#### [TASK INSTRUCTIONS]
Could the records below be restated word for word, without a single picture?

### THE DATA ###

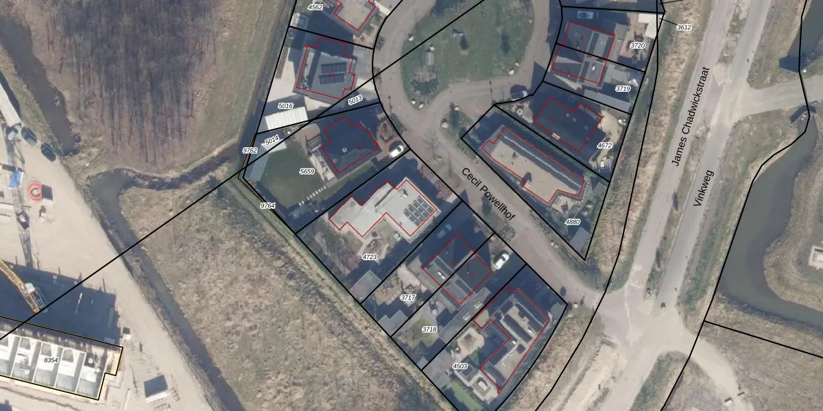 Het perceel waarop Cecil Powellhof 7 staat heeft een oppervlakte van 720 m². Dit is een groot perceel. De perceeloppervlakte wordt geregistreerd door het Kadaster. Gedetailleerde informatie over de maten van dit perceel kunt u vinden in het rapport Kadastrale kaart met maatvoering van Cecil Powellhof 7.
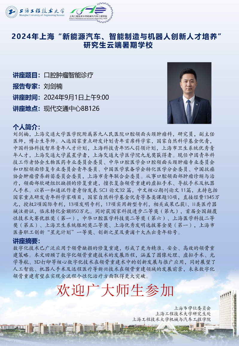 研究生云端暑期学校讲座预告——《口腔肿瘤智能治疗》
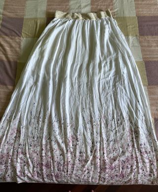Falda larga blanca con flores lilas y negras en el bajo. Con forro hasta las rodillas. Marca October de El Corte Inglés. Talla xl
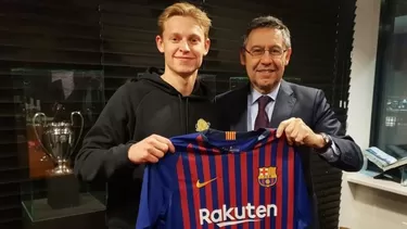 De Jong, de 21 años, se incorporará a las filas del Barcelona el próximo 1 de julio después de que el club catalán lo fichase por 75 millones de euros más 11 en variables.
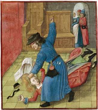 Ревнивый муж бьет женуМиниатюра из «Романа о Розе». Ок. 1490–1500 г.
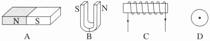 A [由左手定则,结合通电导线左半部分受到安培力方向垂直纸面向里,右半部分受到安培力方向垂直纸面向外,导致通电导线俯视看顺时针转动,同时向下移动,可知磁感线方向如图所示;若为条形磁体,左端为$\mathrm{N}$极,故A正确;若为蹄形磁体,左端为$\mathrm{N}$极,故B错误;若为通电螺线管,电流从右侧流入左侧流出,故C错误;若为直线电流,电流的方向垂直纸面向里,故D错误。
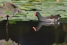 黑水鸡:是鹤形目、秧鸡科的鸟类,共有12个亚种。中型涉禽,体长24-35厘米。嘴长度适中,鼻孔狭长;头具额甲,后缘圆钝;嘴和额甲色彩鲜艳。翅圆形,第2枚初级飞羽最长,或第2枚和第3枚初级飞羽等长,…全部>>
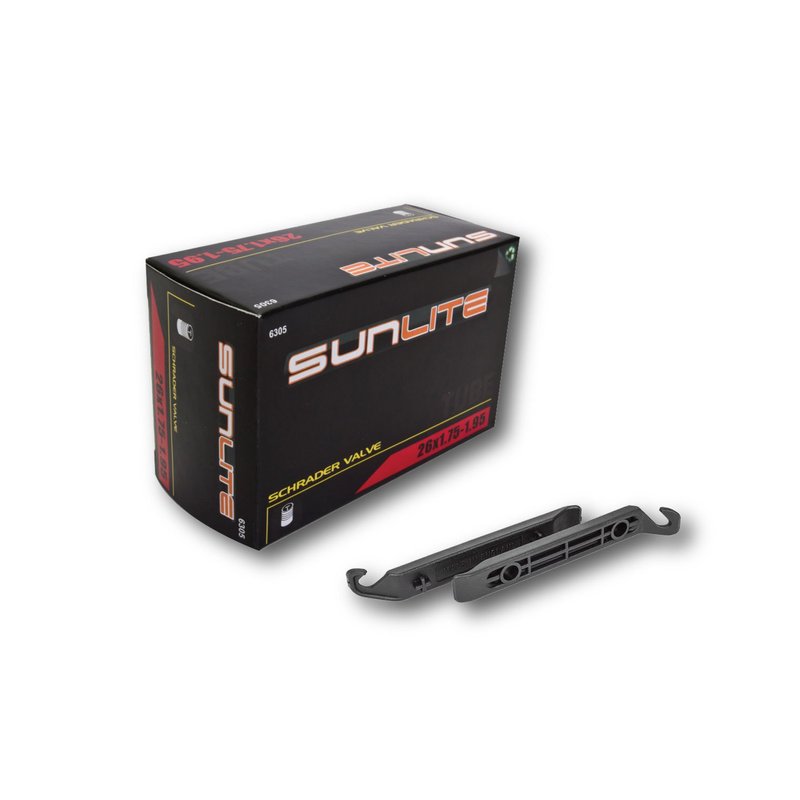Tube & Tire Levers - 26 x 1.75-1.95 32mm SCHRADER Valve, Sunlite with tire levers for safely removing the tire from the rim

###

#### [EXERCISE RESPONSE]
 Het perceel waarop Cecil Powellhof 7 staat heeft een oppervlakte van 720 m². Dit is een groot perceel. De perceeloppervlakte wordt geregistreerd door het Kadaster. Gedetailleerde informatie over de maten van dit perceel kunt u vinden in het rapport Kadastrale kaart met maatvoering van Cecil Powellhof 7.
 研究生云端暑期学校讲座预告——《口腔肿瘤智能治疗》
Falda larga blanca con flores lilas y negras en el bajo. Con forro hasta las rodillas. Marca October de El Corte Inglés. Talla xl
 De Jong, de 21 años, se incorporará a las filas del Barcelona el próximo 1 de julio después de que el club catalán lo fichase por 75 millones de euros más 11 en variables.
 Ревнивый муж бьет женуМиниатюра из «Романа о Розе». Ок. 1490–1500 г.
 A [由左手定则,结合通电导线左半部分受到安培力方向垂直纸面向里,右半部分受到安培力方向垂直纸面向外,导致通电导线俯视看顺时针转动,同时向下移动,可知磁感线方向如图所示;若为条形磁体,左端为$\mathrm{N}$极,故A正确;若为蹄形磁体,左端为$\mathrm{N}$极,故B错误;若为通电螺线管,电流从右侧流入左侧流出,故C错误;若为直线电流,电流的方向垂直纸面向里,故D错误。
 黑水鸡:是鹤形目、秧鸡科的鸟类,共有12个亚种。中型涉禽,体长24-35厘米。嘴长度适中,鼻孔狭长;头具额甲,后缘圆钝;嘴和额甲色彩鲜艳。翅圆形,第2枚初级飞羽最长,或第2枚和第3枚初级飞羽等长,…全部>>
Tube & Tire Levers - 26 x 1.75-1.95 32mm SCHRADER Valve, Sunlite with tire levers for safely removing the tire from the rim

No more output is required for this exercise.